I’m attributing the reason for this to the mass of mobile/social users who changed the search market. Most people from these groups search for naturally popular things like Saylor Twift [legs] or whatever it is in the trends right now. I wish we had unpopular search engines that suck at pop. I also miss directories – while not fully complete, they gave a good overview on technology sections and many more that you cannot just google since you don’t know it exists. Before the internet my family had a big encyclopedia collection that I as a kid occasionally opened/skimmed and read about something new. It is not possible with wikipedia and the internet since it is now overwhelming and has no good place to start anymore. Our average attention volume is so narrow (relative to amount of information) that it became a product. Also, I miss the days when you had to investigate a topic, make yourself fluent in it and enter ‘the club’ of highly interested people. Now anyone can google a shallow pop-info on anything and pretend to be educated in it in minutes. That degraded many good groups as a result.

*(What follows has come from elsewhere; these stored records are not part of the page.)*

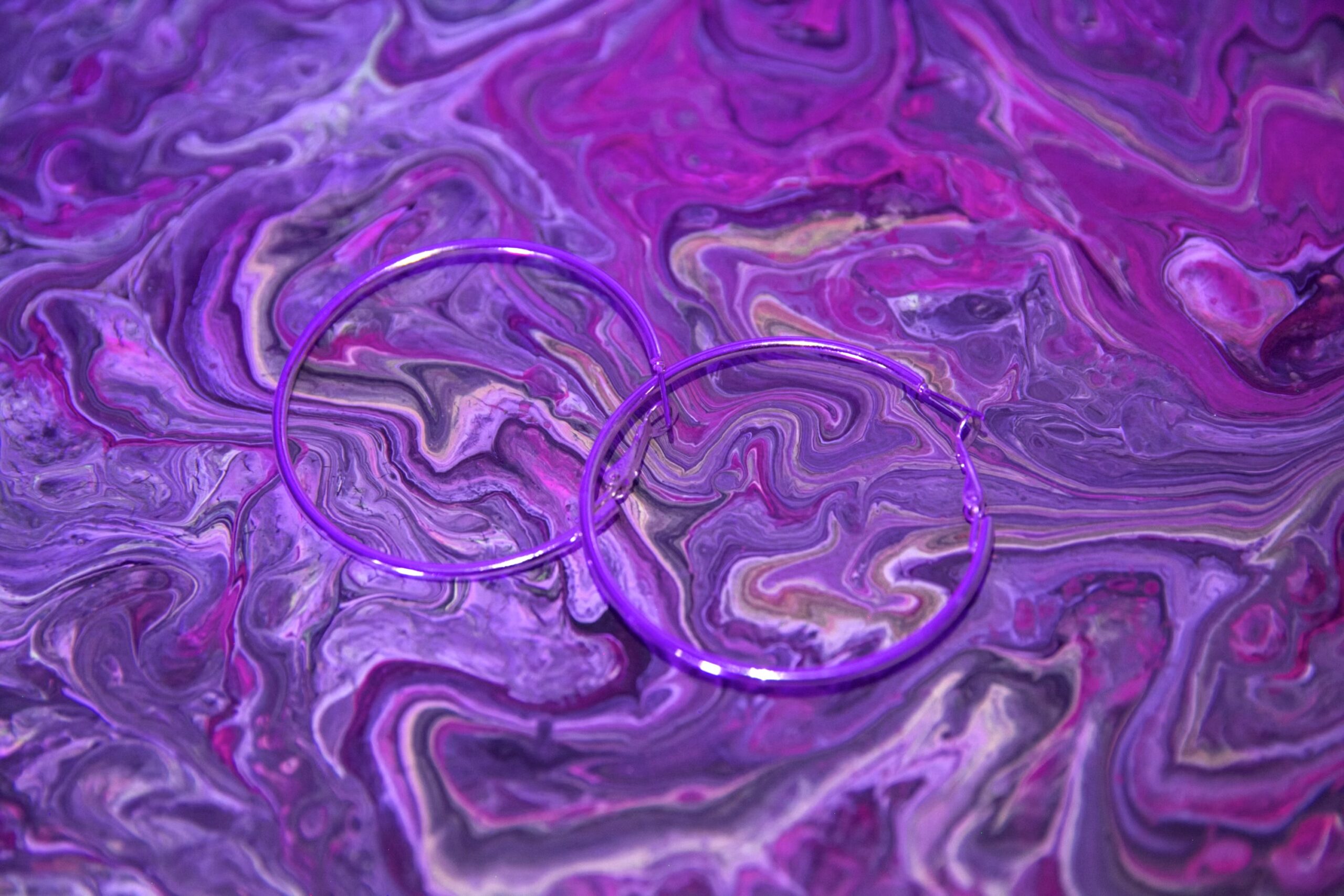 Best worn with colorful outfits, this pair is simple in design yet eye-catching nonetheless. Wear them under the sun and you’ll be colored with waves of purple and blue. On closer inspection, you can see the slight imperfections within the acrylic — an unintended yet beautiful reminder that you’re wearing a one-of-a-kind piece.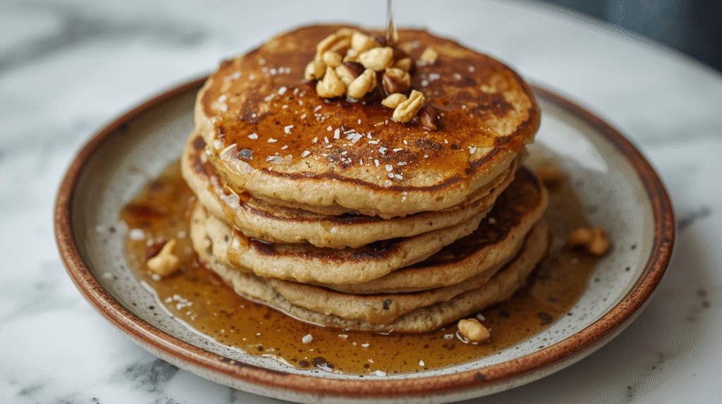 - Serve: Stack the pancakes on a plate, sprinkle with sea salt, and serve warm with syrup or toppings of your choice.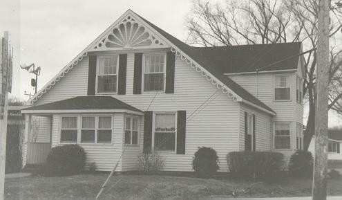 1 Hawthorne is allegedly one of the oldest surviving houses in Antigonish. This 1 1/2 frame building with its projecting frontispiece reflects the sturdy simplicity of its New England antecedents, particularly the shared traditions of the Atlantic seaboard of wood construction and house design. It has the classic steep pitched roof with minimal overhanging eaves. The house has been extensively altered over the years. Gone are the shingle roof and clapboard siding. The lacy "gingerbread trim" and the gable ornamentation are clearly late 19th-century embellishments--the creations of the scroll saw.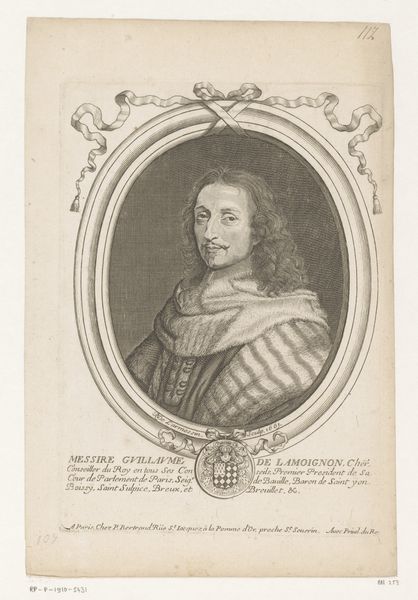Robert Nanteuil’s engraving, "Guillaume de Lamoignon," presents a study in monochromatic precision. The subject, framed within an oval, seems to emerge from a background meticulously crafted from fine lines. Nanteuil’s command of line and tone gives depth and texture to the portrait. The varying density of hatched lines defines the contours of Lamoignon's face and robes, lending the image a tactile quality. The composition, while traditional in its portrait format, achieves a dynamic tension through the subject's gaze, which meets the viewer directly, engaging us in a silent dialogue. The detailed rendering of the fur trim, contrasted against the smoother textures of the face, underscores Nanteuil's technical skill. Engraving, as a medium, inherently imposes structure. Nanteuil uses this to his advantage, creating a formal representation that speaks to the order and decorum of its era. Yet, within this structure, we see an attempt to capture the individual, hinting at the emerging importance of individual identity. The controlled lines and careful composition invite viewers to reflect on the interplay between representation, identity, and the enduring power of formal aesthetics.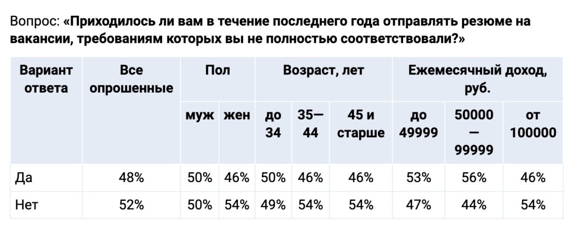 Сколько россиян отправляло резюме на вакансии, требованиям которых не полностью соответствовали.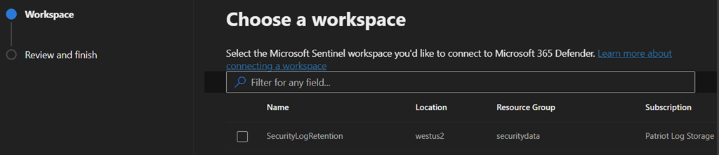 The first step is to browse to the Defender XDR Portal and then click “Connect a workspace”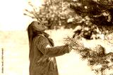 Young woman walks through the winter forest and admires spruce or pine tree. Girl in fur coat in nature.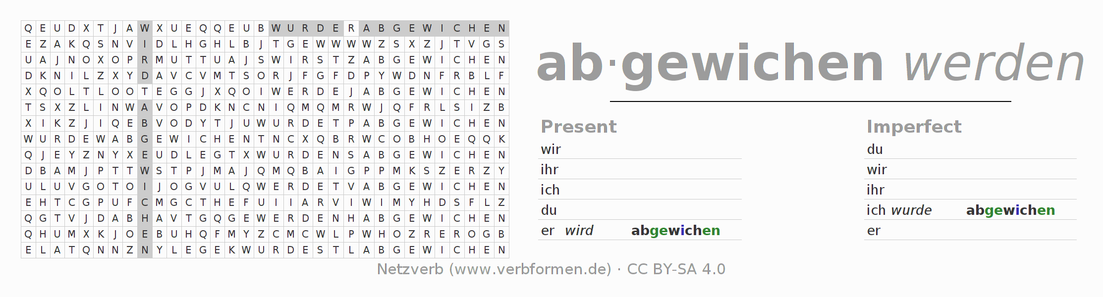 Word search puzzle for the conjugation of the German verb abweichen (unr) (ist)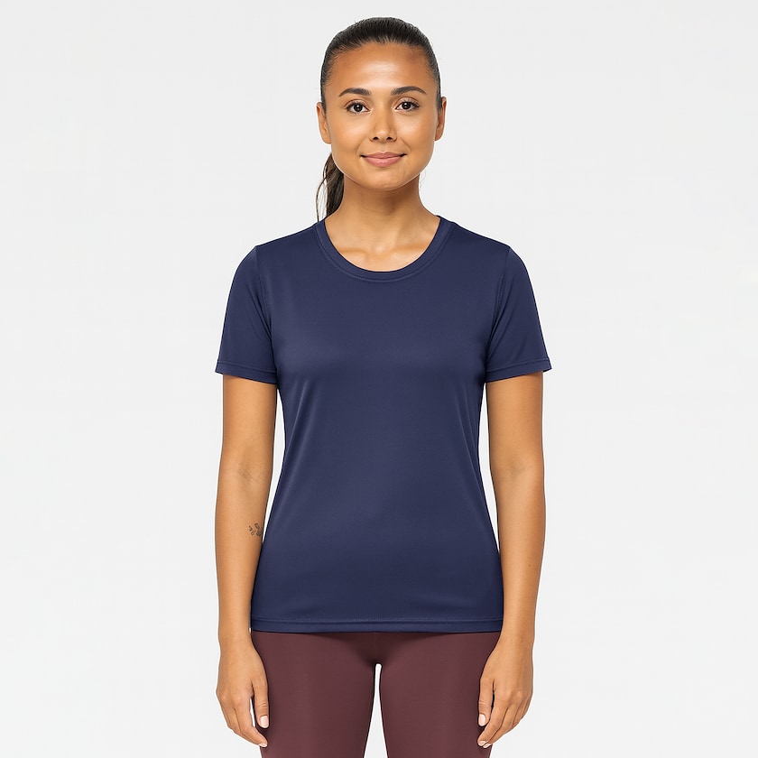Maglietta da allenamento da donna in fresco tessuto di poliestere. La maglietta ha uno scollo rotondo e un taglio aderente. Il tessuto tiene il corpo al fresco anche durante gli allenamenti più intensi. Disponibile anche in versione da uomo.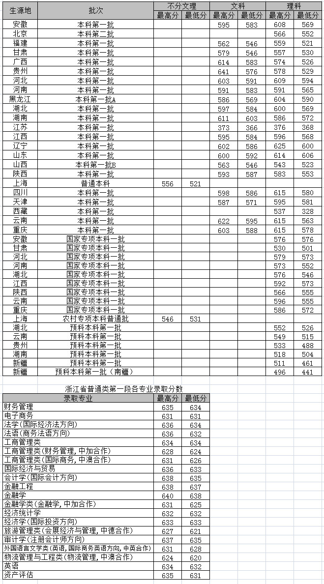 2017年各生源地錄取分數線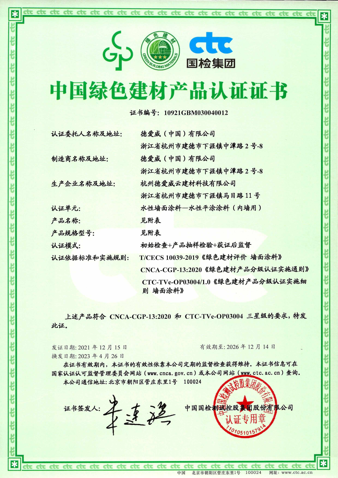 官方认证!德爱威内墙产品荣获“中国绿色建材产品”三星级证书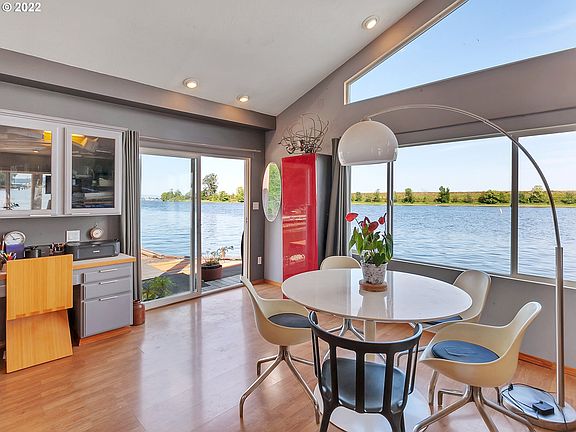 Drive through this small bohemian moorage to a very private floating home with spectacular views. Light filled great room has big windows and cozy wood stove. Large artist studio or workshop with storage loft. Space to park a large boat plus a deck to launch a kayak or paddle board. South facing deck with open water view and abundant fish and wildlife. Zonal heating and AC units for comfort in all seasons. Financing available. Future float repair needed. Sold as is.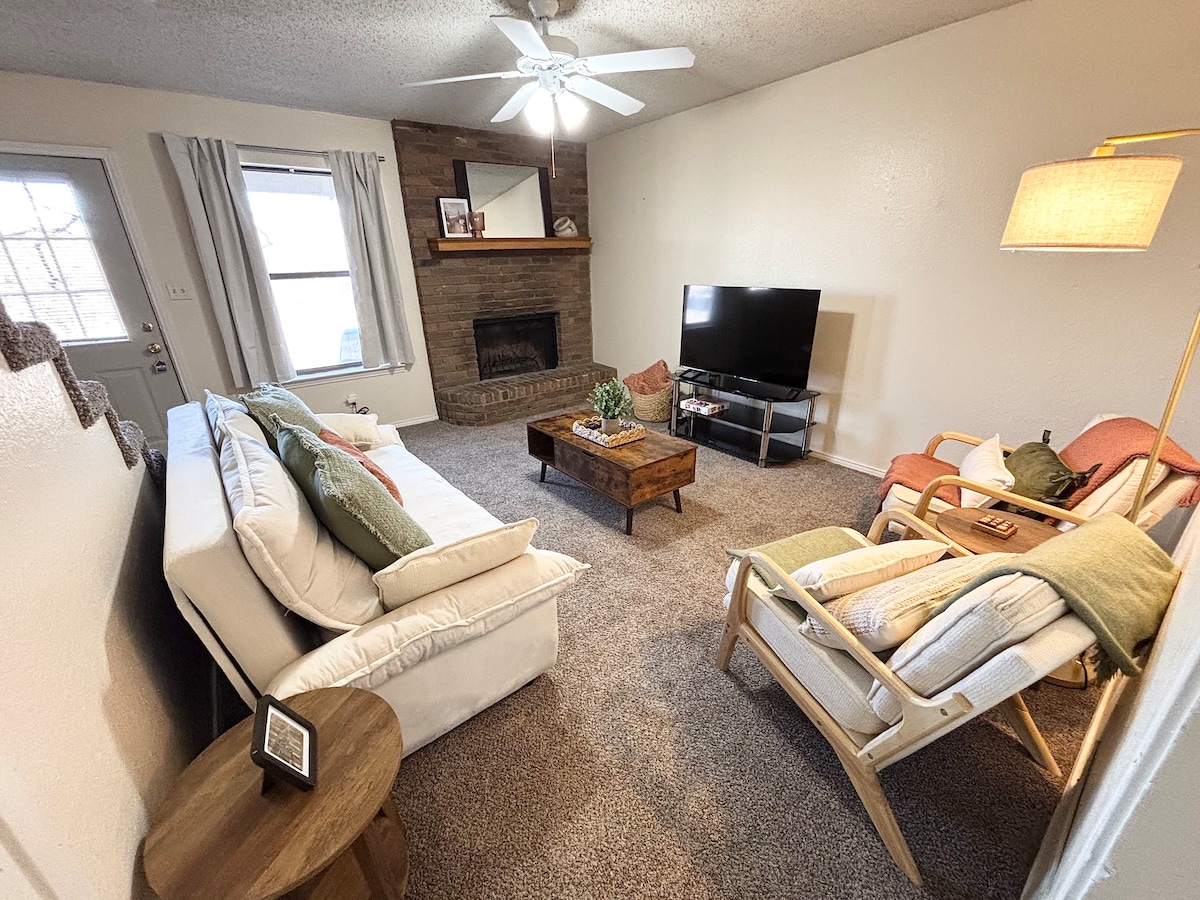 Beidh tú chomh gar do gach rud ag an teach gleoite seo díreach anseo i Downtown Mineral Wells, TX! Is é seo an chéad tsráid chónaithe amach ó lár an bhaile, ionas gur féidir leat siúl chuig gach rud: siopadóireacht, bialanna, Óstán Baker, Rickhouse Brewing, Óstán Uisce Crazy, cuideachta Uisce Crazy agus go leor eile. Coinníonn an teach iomlán seo a charachtar ó bheith tógtha céad bliain ó shin. Urláir chrua - adhmaid bhunaidh agus draíocht le 2 leaba rí, 2 sheomra folctha, 3 theilifíseán chliste, leaba lae, cistin iomlán, Wi - Fi, póirse agus neart spáis chun do scíth a ligean.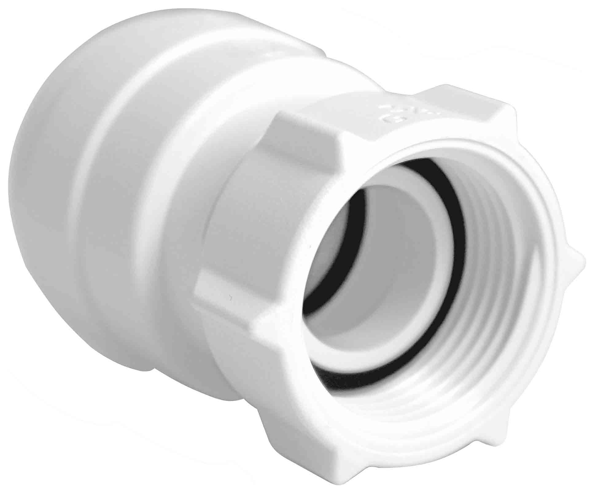 JG speedfit female coupler tap connector push-fit fitting for the connection of plastic or copper pipes to a male thread fixture or appliance. The female coupler is ideal for the connection of taps and toilets. Simply push the push-fit fitting fully onto the pipe and hand turn onto the thread. To demount the connection, push the collet towards the body of the push-fit fitting and pull the pipe to release. The JG speedfit female coupler tap connector is up to 40% faster to install than traditional methods and is easier to use in confined spaces by removing the need for hot works and tools.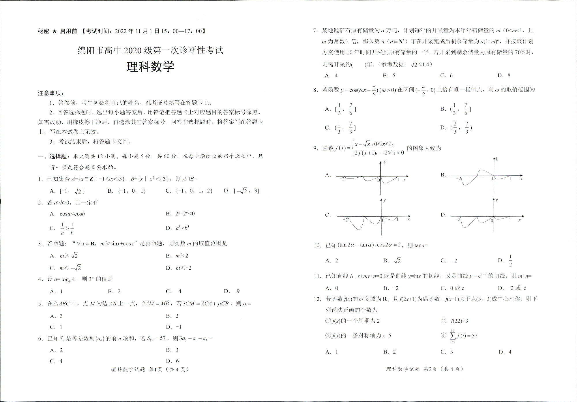 高三理数--四川省绵阳市2023届高三上学期第一次诊断性考试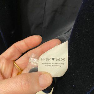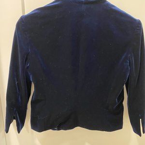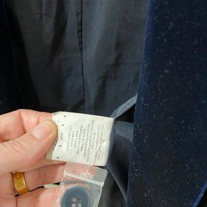 Cute, classic, velvet blazer in royal-navy colour. Has a vintage Victorian retro vibe. Super soft and shiny. Not sure about the brand - I bought at a Nordstrom sale years ago. It’s a small, cropped look. Cuffs mid arm.

Experience, and being able to see directly the different behavior of the search engine. I watched as it happened. Google used to be optimized for producing the minimum number of results for your query, biasing towards specificity. This worked great for tech savvy folks who knew how to craft searches with a high degree of specificity. Then they switched to biasing towards a higher number of search results, biasing towards correcting your search to match some other popular search. It's so bad now that google will just completely drop words from your search as terms in order to present the results it "thinks" you want, and then you have to go out of your way to force it to actually care about those search terms (and this isn't because the more specific / restrictive search has no results, it just has results that google doesn't "like" as much).
You can craft a google search with greater specificity but it's very difficult to obtain the sort of search behavior that google used to have. Now google treats your search terms as sort of a grab bag, it mutates them into a cloud of synonyms and related words, then it picks a subset of the grab bag that it decides is valuable and gives you results that are tuned by about a zillion arcane heuristics. This works great for giving you "magically" accurate answers for the most common search queries. It works terribly for giving you highly specific answers to highly specific queries. The way google used to work was by providing results that matched all of your search terms, and being smart enough to include different variations of each word but not vaguely related words. That sometimes made it hard to find the right thing if you didn't get the right words but now we're in a state where you can't find the right thing even if you do have all the right words.
Funny, Google has some perverse incentives here: it might be nice to have a good "history search" built into a browser, but as a search engine provider they won't build it into Chrome.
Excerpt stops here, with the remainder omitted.